TASK DETAILS
Your answer must be the exact lines below, starting with the line with "山东济宁2024-2025学年高三上学期期中语文试题及答案" and going on through the line with "Tổng thống Phần", both included, with no pictures.

PROVIDED DATA
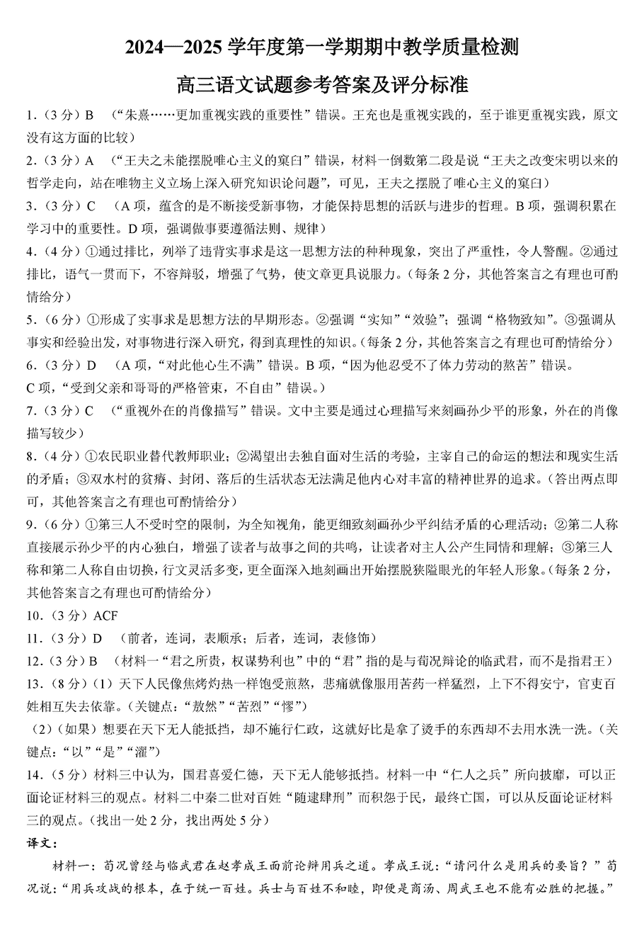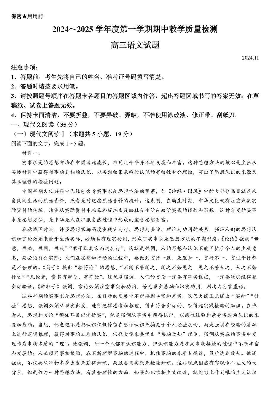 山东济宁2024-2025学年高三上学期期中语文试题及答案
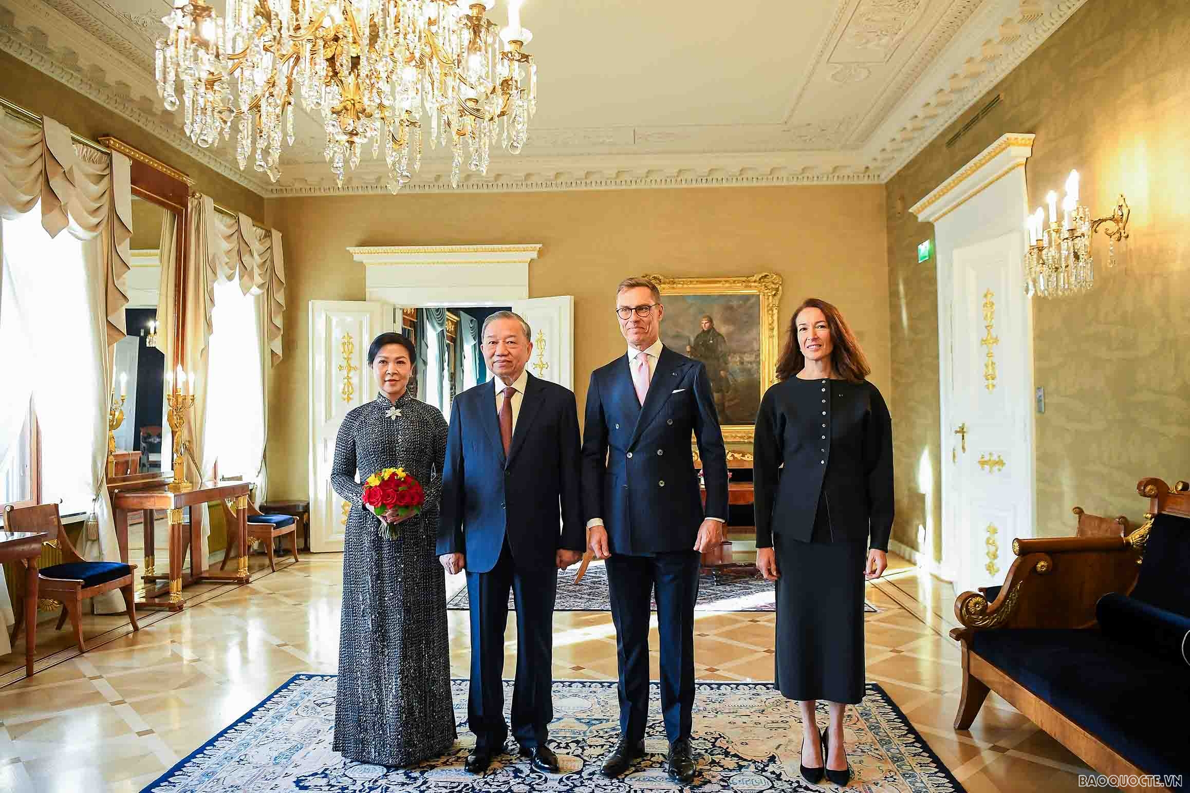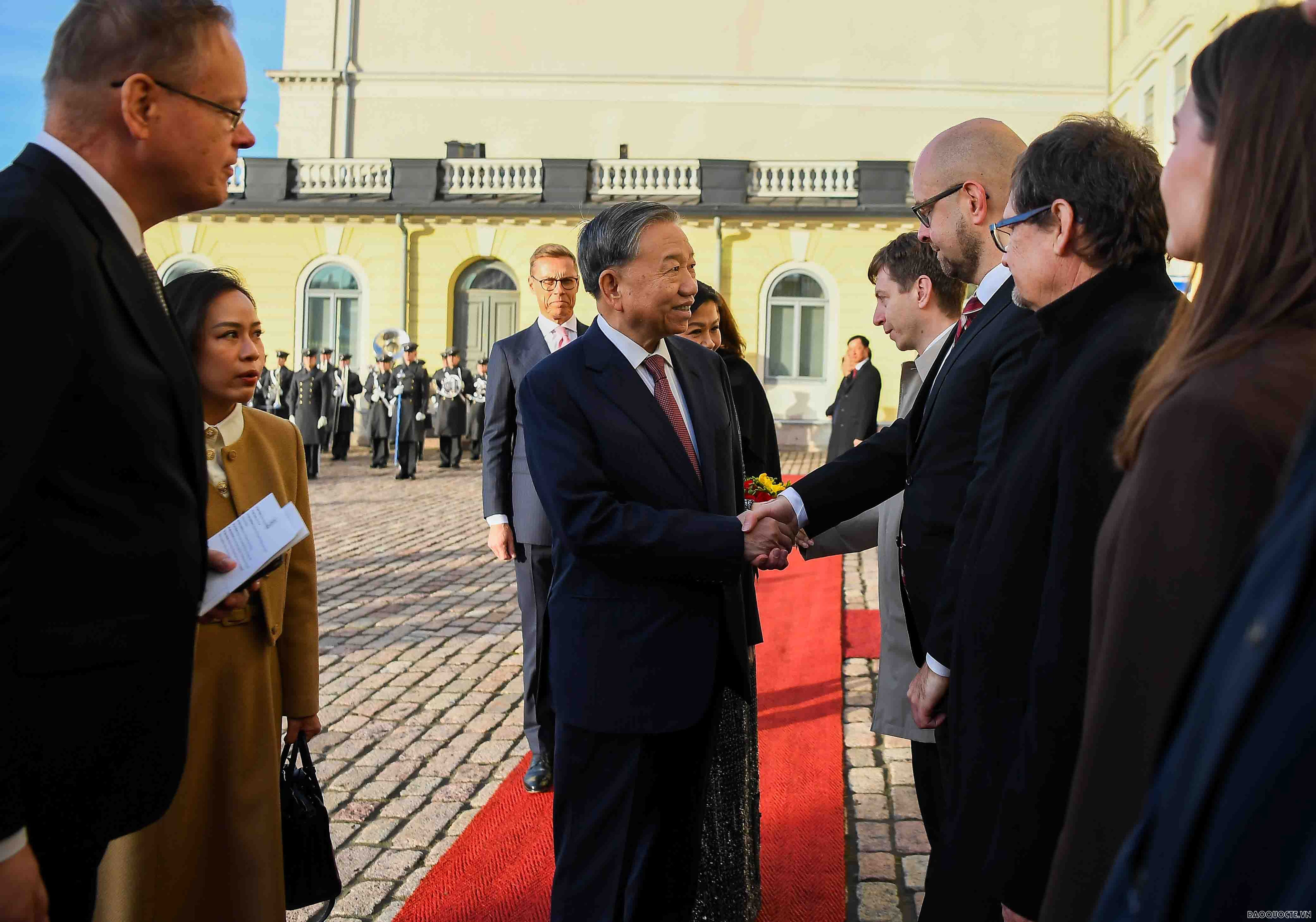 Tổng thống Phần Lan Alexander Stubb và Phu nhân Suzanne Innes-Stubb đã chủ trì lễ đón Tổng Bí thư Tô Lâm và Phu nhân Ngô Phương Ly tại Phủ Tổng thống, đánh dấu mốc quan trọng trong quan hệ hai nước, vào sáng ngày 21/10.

==

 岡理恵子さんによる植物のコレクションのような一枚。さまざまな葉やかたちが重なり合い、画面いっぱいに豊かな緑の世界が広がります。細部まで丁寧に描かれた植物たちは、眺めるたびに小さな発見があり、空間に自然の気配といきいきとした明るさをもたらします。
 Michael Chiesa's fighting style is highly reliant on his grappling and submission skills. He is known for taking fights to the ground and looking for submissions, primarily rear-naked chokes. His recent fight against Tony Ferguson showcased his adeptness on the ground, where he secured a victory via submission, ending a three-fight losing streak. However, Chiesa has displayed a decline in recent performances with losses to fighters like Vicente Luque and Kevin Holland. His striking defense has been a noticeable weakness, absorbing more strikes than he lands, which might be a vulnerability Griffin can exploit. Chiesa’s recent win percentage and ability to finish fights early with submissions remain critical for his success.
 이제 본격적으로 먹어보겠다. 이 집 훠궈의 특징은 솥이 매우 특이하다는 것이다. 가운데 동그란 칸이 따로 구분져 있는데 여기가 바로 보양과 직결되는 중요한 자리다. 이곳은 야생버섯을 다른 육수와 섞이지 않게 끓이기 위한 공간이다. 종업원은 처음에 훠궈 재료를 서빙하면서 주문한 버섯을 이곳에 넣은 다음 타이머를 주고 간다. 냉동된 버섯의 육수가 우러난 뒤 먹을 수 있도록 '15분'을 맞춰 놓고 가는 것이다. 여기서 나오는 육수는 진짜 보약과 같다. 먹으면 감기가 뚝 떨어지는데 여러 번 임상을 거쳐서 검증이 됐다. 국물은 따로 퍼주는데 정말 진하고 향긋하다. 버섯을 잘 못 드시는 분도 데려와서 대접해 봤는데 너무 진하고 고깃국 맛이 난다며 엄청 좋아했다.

ANSWER FOR THIS EXERCISE
 山东济宁2024-2025学年高三上学期期中语文试题及答案
 Tổng thống Phần Lan Alexander Stubb và Phu nhân Suzanne Innes-Stubb đã chủ trì lễ đón Tổng Bí thư Tô Lâm và Phu nhân Ngô Phương Ly tại Phủ Tổng thống, đánh dấu mốc quan trọng trong quan hệ hai nước, vào sáng ngày 21/10.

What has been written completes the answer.